MooseFET said:
I assume you are willing to waste 128mW. I think you may have
jumped from this to the idea that it is better to waste the
power. I disagree as I will go into below.
I disagree with this I will explain after the modified drawing.
----------
Vsupply ---------+----------+-----! Down !
| | ! shifting !---IL
! \ ! circuit !
! / ! !
! \ ! !
! ! ! !
! +-----! !
! ! ----------
| )
| Rsec1)
_|_ )
/_\ |
| )
| Rsec2)
| )
| |
| !
| |
| |)
--!!-- | |)Inductor
! ! | |)
+-/\/\-+ | |
! ! +----------+
Iset-/\/\+-!+\ ! |--+
! >-+---------||
IL--!-/ |--+
|
GND
The real inductor blocks the bulk of the AC from getting to the
control windings.
The reason I backed away from a high impedance drive was
the realisation that the bottom end of that inductor is
always at a low impedance point, either 0V or Vsupply.
This means that, irrespective of the PWM frequency, the
inductor has to have a high enough value such that it
presents a high impedance to the 100Hz ripple voltage.
That's 'high' relative to the source impedance of the
ripple voltage.
I did a crude attempt at measurement of the source
impedance, measuring the change in the pk-pk volts
as a result of changes in resistive loading of the
control winding.
At 0.5A, 1A, and 1.5A DC control current, the output
impedance of the ripple was around 1.5 to 1.6 ohms.
The inductor's impedance has to be much higher than
1.5 ohms.
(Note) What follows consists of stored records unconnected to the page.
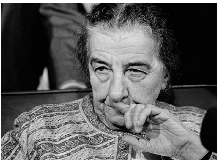
Рис. 3. Голда Меир (Меерсон)

И вот евреи-демонстранты, свезённые со всех уголков России и не только (на какие деньги? откуда такая высокая синхронизация действия? и откуда такая скорость?), впав в экстаз радости от замаячившего переселения на новую Землю обетованную, устроили в столице бузу. — Вот насколько эффективно могут работать исторические мифы и персонал лишь одной синагоги! Разумеется, «майданутых» быстро поставили на место.
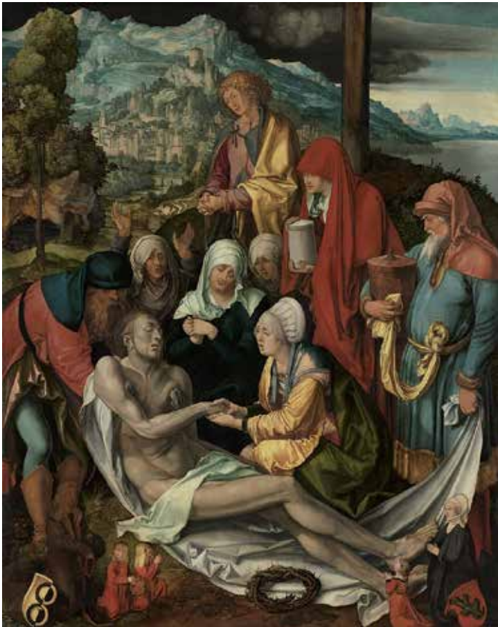
Albrecht Dürer, Beweinung Christi („Glimsche Beweinung“), um 1500, Bayerische Staatsgemäldesammlungen - Alte Pinakothek, München

biblischen Überlieferung rund um Kreuz und Auferstehung Jesu mit seiner künstlerischen Gestaltung folgt. Besonders bemerkenswert erscheint mir dabei eine Szene, die im Neuen Testament allenfalls angedeutet ist (in Mt 27,55-61, Mk 15,40-47 und Lk 23,49-56), nämlich die sogenannte Beweinung Christi, zu der sich mehrere Frauen, wohl Jesu Mutter Maria (wegen Joh 19,25-27) mit Maria von Magdala und anderen, sowie drei Männer, und zwar Johannes, Josef von Arimathäa und Nikodemus (er in Joh 19,39), um den vom Kreuz gelösten Leichnam Jesu versammeln.
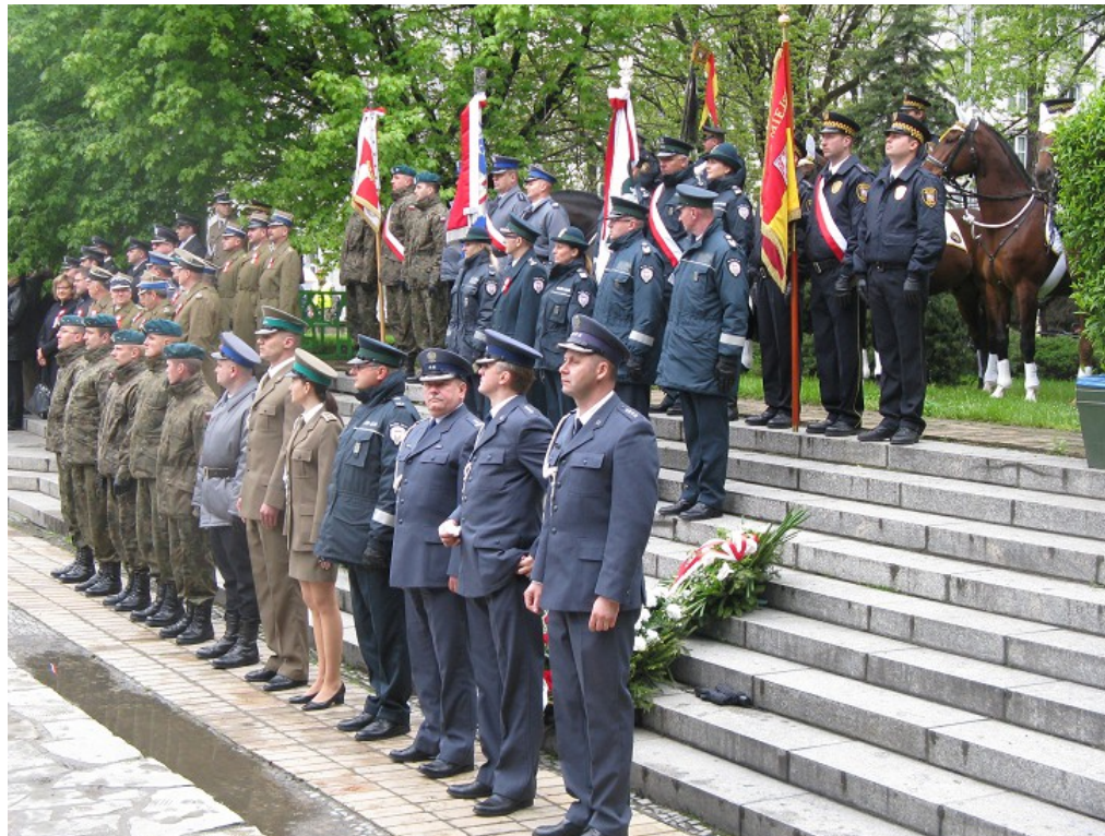
Przedstawiciele wojska i służb mundurowych
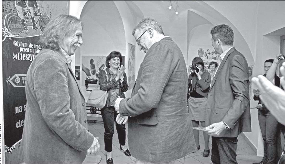
Jaromír Nohavica (z lewej) i Artur Andrus podczas spotkania w Muzeum Śląska Cieszyńskiego.
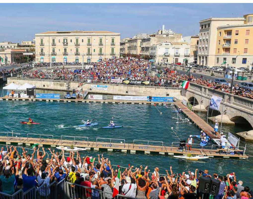
Panorámica del partido España-Italia
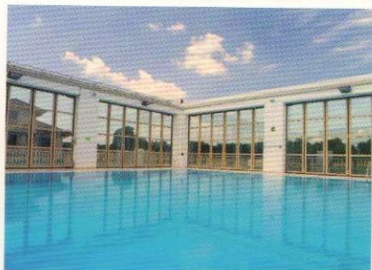
48 PISCINE OPEN AIR di Manuela Fiorotto

OPEN AIR SWIMMING POOLS by Manuela Fiorotto
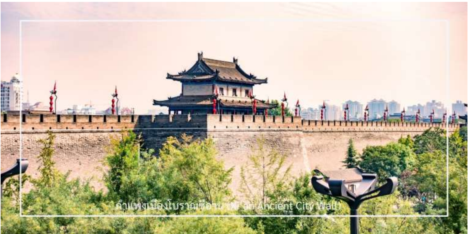
กำแพงเมืองโบราณซีอาน (Xi'an Ancient City Wall)

รับประทานอาหารเที่ยง ณ ภัตตาคาร (มื้อที่ 6) เมนูพิเศษ : สุกี้
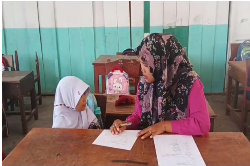
Wawancara dengan siswa kelas I
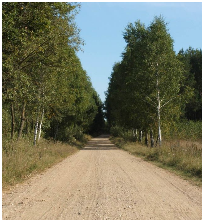
zdj. Droga powiatowa przez las

Obszar Gminy Czeremcha ma charakter leśno-rolniczy. Lesistość gminy jest bardzo wysoka i wynosi 41,2%. Około 30% to lasy państwowe, lasy prywatne stanowią 11%. Lasy Gminy Czeremcha znajdują się w obrębie IV Krainy Mazowiecko – Podlaskiej, 5 dzielnic Niziny Podlaskiej i Wysoczyzny Siedleckiej wg podziału Polski na krainy przyrodniczo leśne. W podziale administracyjnym lasów województwa należą one do Nadleśnictwa Bielsk. W układzie typów siedliskowych lasów- dominuje bór świeży i bór mieszany świeży . Są to siedliska optymalne dla drzewostanów sosnowych i takie też najliczniej występują. Mniejsze znaczenie odgrywa brzoza, świerk, olsza, dąb. Dominującą klasą drzewostanu jest II klasa wieku (21-40 lat) i I (1-20 lat). Duży procent powierzchni gminy zajmują lasy stanowiące genetyczną całość z Puszcą Białowieską w tym regionie jednakże znacznie wytrzebione. Bardziej zwarte kompleksy leśne występują w kierunku północnym od wsi Zubacze. Zalesienia gruntów marginalnych określają opracowane przez Wojewódzkie Biuro Geodezji i Terenów Rolnych w Białymstoku granice polno leśne.
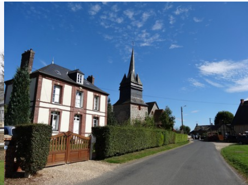
Une vue du village voisin de Beauficel
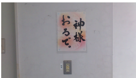
節電を呼びかける掲示物
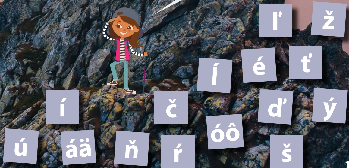
Photo: High Tatras, Slovak Republic
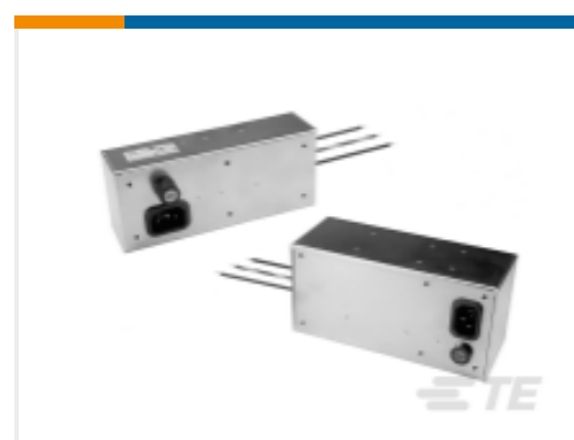
TE 产品编号 CAT-C8114-AQ1 Single Phase Filters, Corcom AQ Series
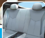
Tapicetas maloliente / Tecidos malcheirosos
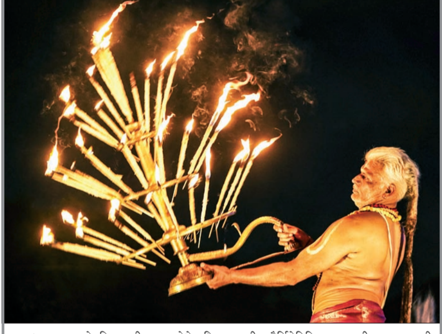
राजस्थानच्या अजमेर जिल्ह्यातील पुष्कर येथे अधिक मासातील पौर्णिमेनिमित्त महाआरती करताना पुजारी

काही कोलेस्ट्रॉल नियंत्रण औषधांची किंमत १८.४६ प्रति गोळी इतकी ठेवण्यात आली आहे. एनपीपीएच्या मते, या निर्णयाचा मुख्य उद्देश अत्यावश्यक औषधे सर्वसामान्यांना वाजवी दरात उपलब्ध करून देणे आणि बाजारातील अनियंत्रित किमतींवर नियंत्रण ठेवणे हा आहे. नवीन दर लागू झाल्याने आरोग्यसेवा खर्चात काही प्रमाणात दिलासा मिळण्याची शक्यता आहे. ■ संबंधित घटक असलेल्या गोळ्यांची किंमत प्रति टॅब्लेट सुमारे १९.७८ निश्चित करण्यात आली आहे. (वृत्तसंस्था)
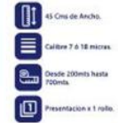
Vinipel Transparente de 45 Cms x 1 rollo
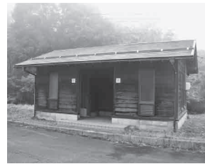
青野碓 / 同駐車場のトイレ
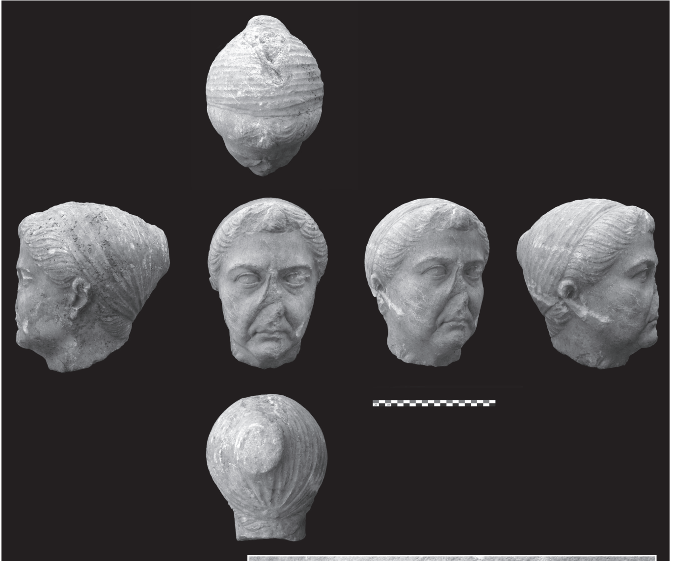
Photos du portrait de Sercy.
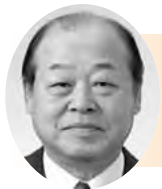
潮風おのみち いしもり けいし 石森 啓司
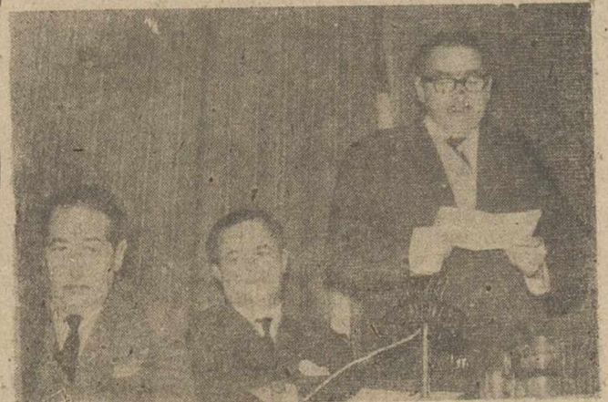
Intervención del jefe de la Hermandad de Labradores y Ganaderos de Bienservida, durante el acto de clausura del Consejo Económico-Sindical, celebrado el sábado en Alcaraz.
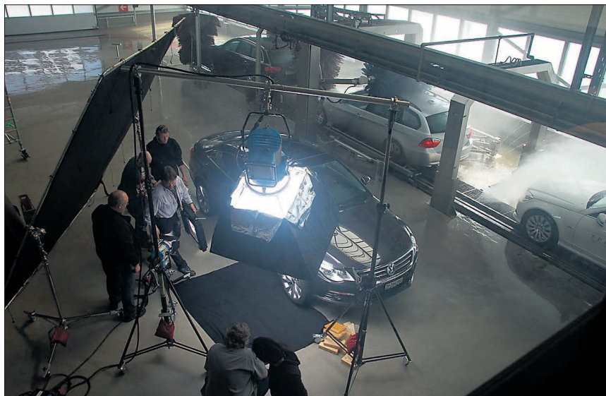
Während im Hintergrund an der 26 Meter langen Vorwaschstrasse Autos vorgereinigt werden, wird am Set konzentriert an einer Szene gearbeitet.

Am Samstag, 28. Februar, war in Emmen bei oscarwash.ch nichts wie sonst. Überall standen Technikwagen und grosse Scheinwerfer. Eine unzählige Menge von Leuten wuselten in alle Richtungen und waren sichtlich nicht zum Autowaschen gekommen. Die Neugier der Schaulustigen wurde schnell gestillt, ein freundlicher Mitarbeiter von oscarwash.ch liess
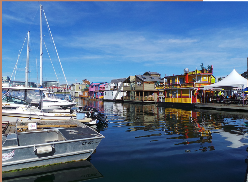
Victoria, Vancouver Island

De reis begint in de bruisende stad Vancouver. Vancouver is een redelijk grote stad en leent zich dan ook perfect voor het gebruiken van een fiets. Met de fiets kom je nou eenmaal verder en kun je meer zien. Fiets bijvoorbeeld door Stanley Park, waar een prachtige fietsroute langs het water is aangelegd! Leuke wijken om door heen te fietsen, zijn Gastown en ook zeker China Town is een bezoekje waard. Wat je ook zeker niet mag missen tijdens jouw bezoek aan Vancouver is Granville Island, wat te bereiken is te voet (over de brug) of met de zogeheten 'Aquabus'.
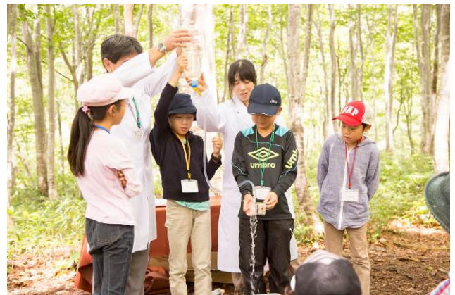
○森から流れてきた水で、「発電開始」！
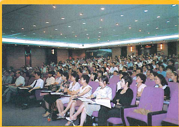
學術講座假歷新醫院「國際會議廳」十二樓舉辦
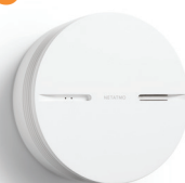
NSA-PRO-EU DETETOR DE FUMO INTELIGENTE 99,99 € 74,99 €
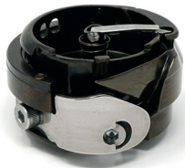
Hook XXL 32 mm Ø DLC-coated Completed assembly - 0868 150484 Greifer XXL 32 mm Ø DLC-Beschichtet Gesamte Baugruppe - 0868 150484
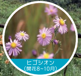
ヒゴシオン (開花8~10月)
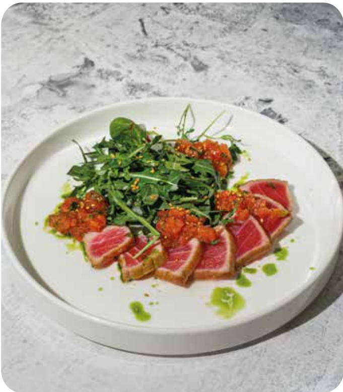
Тальята из тунца с соусом вьерж 160 г 790 р
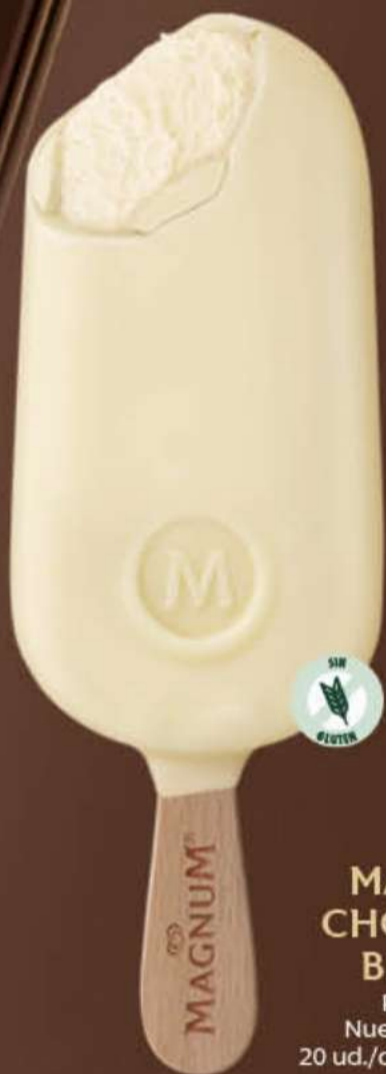
MAGNUM CHOCOLATE BLANCO Ref.: 51810 Nueva ref.: 61297 20 ud./caja - 110ml - 79g
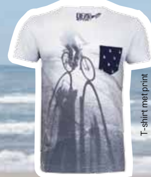
T-shirt met print € 19,95 (Shoebly).
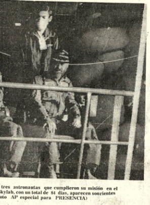
MINIS COMPLETADA. Centro Espacial, 8 (AP). Los tres astronautas que cumplieron su misión en el espacio logrando un récord de permanencia en la nave Skylab, con un total de 84 días, aparecen serios pero sanos.

Volieron a tierra los astronautas Los tres astronautas que cumplieron su misión en el espacio logrando un récord de permanencia en la nave Skylab, con un total de 84 días, aparecen serios pero sanos.
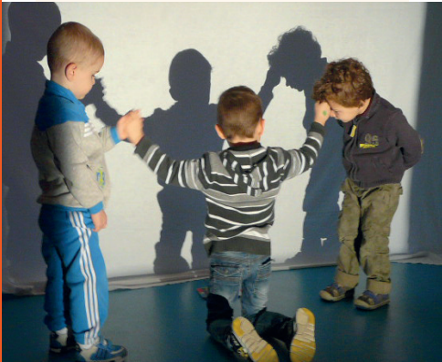
Rencontre ombre et lumière
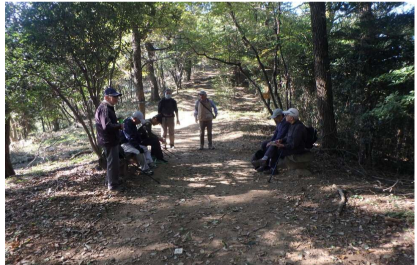
ひと休み。もうくたびれた?
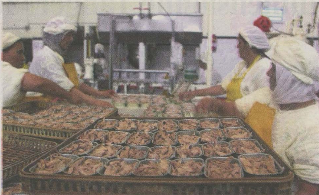
Plusieurs activités sont admises dans la ZFED. Parmi elles, les activités commerciales rattachées aux industries agroalimentaires et des produits de mer pour lesquels la région se prête à merveille

LA ville de Dakhla dispose d'une zone franche d'exportation (ZFED) lui permettant de se positionner par rapport aux autres zones portuaires nationales. De par sa proximité des ressources halieutiques de la région, l'existence de voies de transport maritime, aérienne et terrestre faciles d'accès, la ville offre un avantage énorme en matière d'exportation, mais surtout en fiscalité. Ainsi, les opérations commerciales, industrielles et de services, réalisées avec l'étranger par les entreprises installées dans la ZFED, bénéficient d'une liberté totale de change quels que soient la nationalité et le lieu de résidence de l'opérateur. En outre,
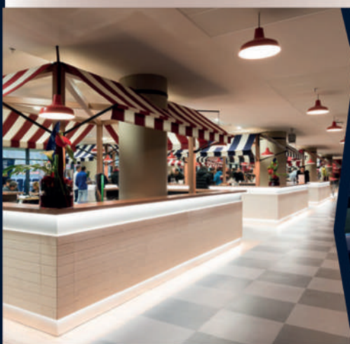
SALON DES LUMIÈRES

CHOISISSEZ LA PRESTATION QUI VOUS CONVIENT
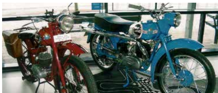
v. Husqvarna M28 118 cc från 1951 och en 281 Sport (dröm-bågen) från 1955 fanns i MC-Veteranernas monter
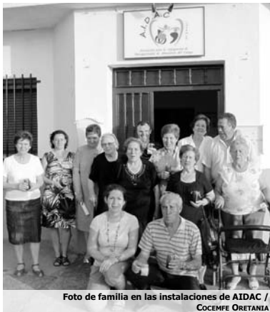
Foto de familia en las instalaciones de AIDAC / COCEMFE ORETANIA

probar algunas especias mediante el maridaje con distintos alimentos. Sin duda, una oportunidad única para conocer las propiedades que estas plantas otorgan a sopas, ensaladas, postres o salsas.
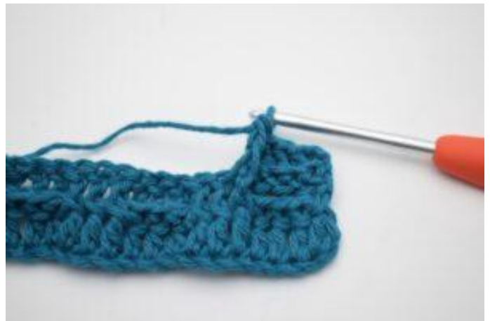
6. Comme ceci.
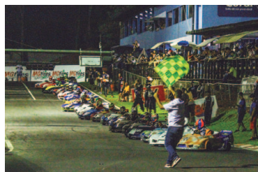
Pro-500 na Copa SP de Kart

Competição no dia 15/9 será oportunidade única para pilotos e equipes se prepararem para a principal corrida de longa duração do kartismo nacional
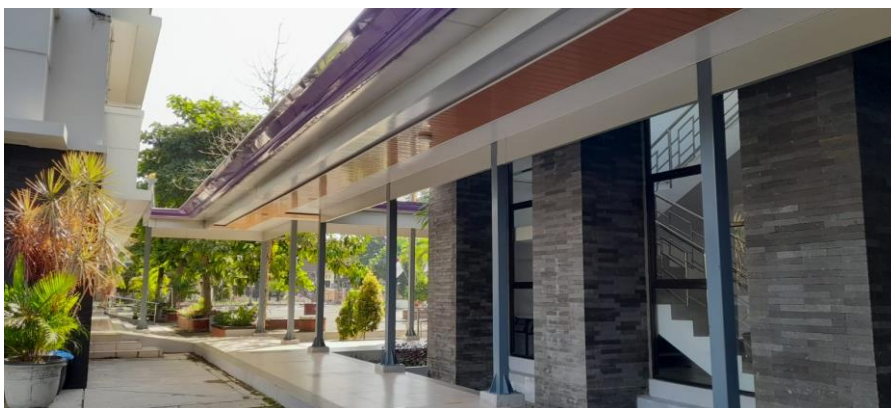
Gambar 3. Foto Dorloup di sisi barat gedung Performance Hall yang sudah disesuaikan dengan lingkungan.

Fakultas juga melakukan pemeliharaan pada bagian taman-taman yang ada di lingkungan FBS. Pemeliharaan taman bertujuan untuk menata dan memperbaiki tampilan taman agar lebih bersih. Penataan taman juga meliputi penebangan beberapa
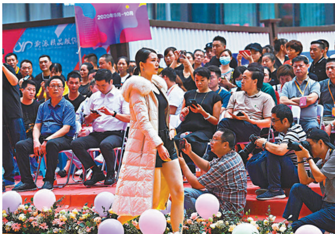
8月，內地社會消費品零售總額增速實現年內首次正增長，同比增長0.5%，較7月提高1.6個百分點。拉動消費的最主要因素仍是汽車消費，線下、服務性消費也繼續改善。圖為重慶朝天門一商場舉辦秋季消費採購節，並推動中秋、國慶「雙節」消費。

市場普遍預期，三季度內地經濟增速回升到5%-6%，二季度為3.2%。宏觀政策上，專家預計，宏觀調控處於觀望模式，收回已出的寬鬆刺激措施為時尚早，但下半年繼續加碼的可能性也較低，今年底可能不會有全面降準降息。
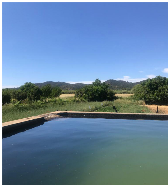
FIGURA 3. Tanque de armazenamento de água para rega, Salir, Rota da Água.

recurso tinha de “buscar-se, ao lombo dos burros ou em carros de muars, em grandes cântaros de barro, às vezes a léguas de distância” (Ribeiro, [1945] 1991: 162). Sempre a água (ou a falta dela) como uma das expressões mais identitárias da paisagem meridional portuguesa, também ela inspiradora da poesia de Eugénio de Andrade ([1974] 1983: 35) que sobre o Sul escreve “Pelo azul da pedra vê-se que é verão/à beira do tanque os aloendros devem estar em flor/as águas refletem o silêncio” (Figura 3).
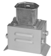
3.7 GAA CEE-ITAK-34 50 x 70 x 40 auch kon. Ausf. (20 breit)
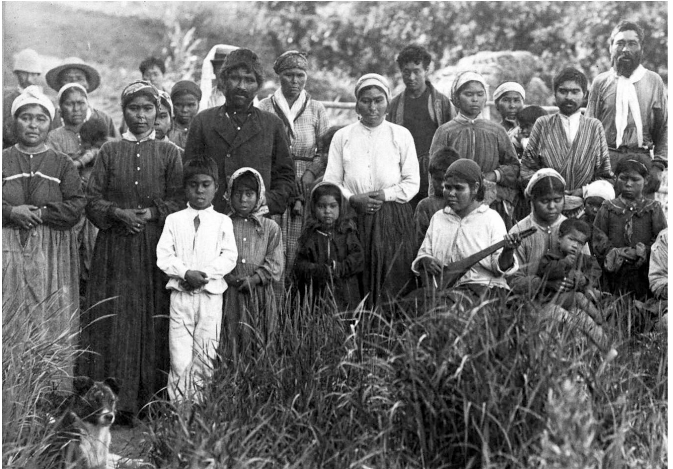
1888（明治21）年の色丹島の千島アイヌ
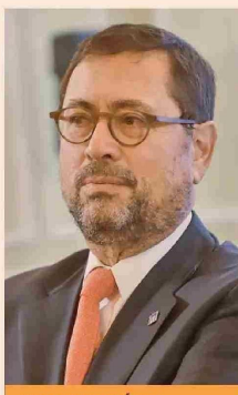
FRANCISCO PÉREZ MACKENNA CANCELLERÍA.
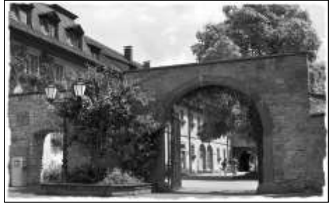
Veitshöchheim - Rathaus

Ein weiterer Höhepunkt wird wieder der „World Minute Movie Cup“ sein. Am Freitag, dem 3. September abends, treffen sich die besten Ein-Minuten-Filme aus 30 Ländern zu einem lustigen Wettstreit. Ein herrlicher Spaß, der sich zu einem Renner entwickelt hat.
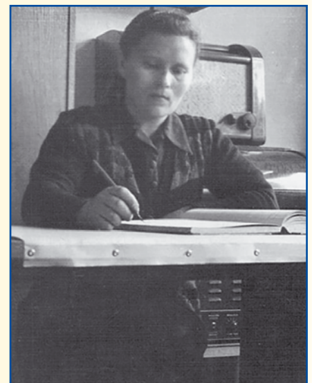
Prawdopodobnie pierwsza kierowniczka przedszkola

The waveshape of the ripple is not a sinewave
it is saturation difference spikes at 100Hz so the
inductance need not be as high as first thought, but
it will probably need to be in the mH region, (at 2A
dc polarising current).
BTW: The source resistance seen by those two primaries is
the 590 ohm load and I am attracted by the coincidence
that 590 ohm transformed by two 240:18V transformers
in parallel would present 1.65 ohms on the secondaries.
That's probably yet another bizarre TW-ism though.
BTW2: The voltage across each secondary is of the order
of 55V pk-pk, and the resultant difference ripple is
around 2.5V pk-pk maximum. So they are not doing too bad
a job of looking at each other whilst one of them is
going into a region of low relative permeability.
I loose more power in the sense resistor but it makes the control
circuit much easier. By removing the capacitor on the windings
we end up controlling the actual current in the control windings
and not the voltage on them. This mostly takes the pole from the
inductance of the windings out of the servo loop. The PWM shows
a very high impedance to the control windings.
I had thought that the transformers effectively shorted
each other out so the impedance looking back into the
control winding would be mostly resistive. Worth a
quick check then.
The input impedance was measured at 50Hz and 5KHz
with a signal generator and scope. Calcs suggest the
control input looks like 1.4 ohms and 92uH in series.
1.4 ohms is near the sum of the secondary and transformed
primary resistances (1.3R), and I suspect that 92uH is
something like two leakage inductances in series.
I assume you have a feedback from the temperature of the heater
to the Iset. This will have a large phase lag. The mass will
integrate and the distance from the heater to the thermistor may
add a transport delay. The last thing you will want is another
couple of poles in the control circuit of the saturable reactor.
That's getting far too complicated for me atm.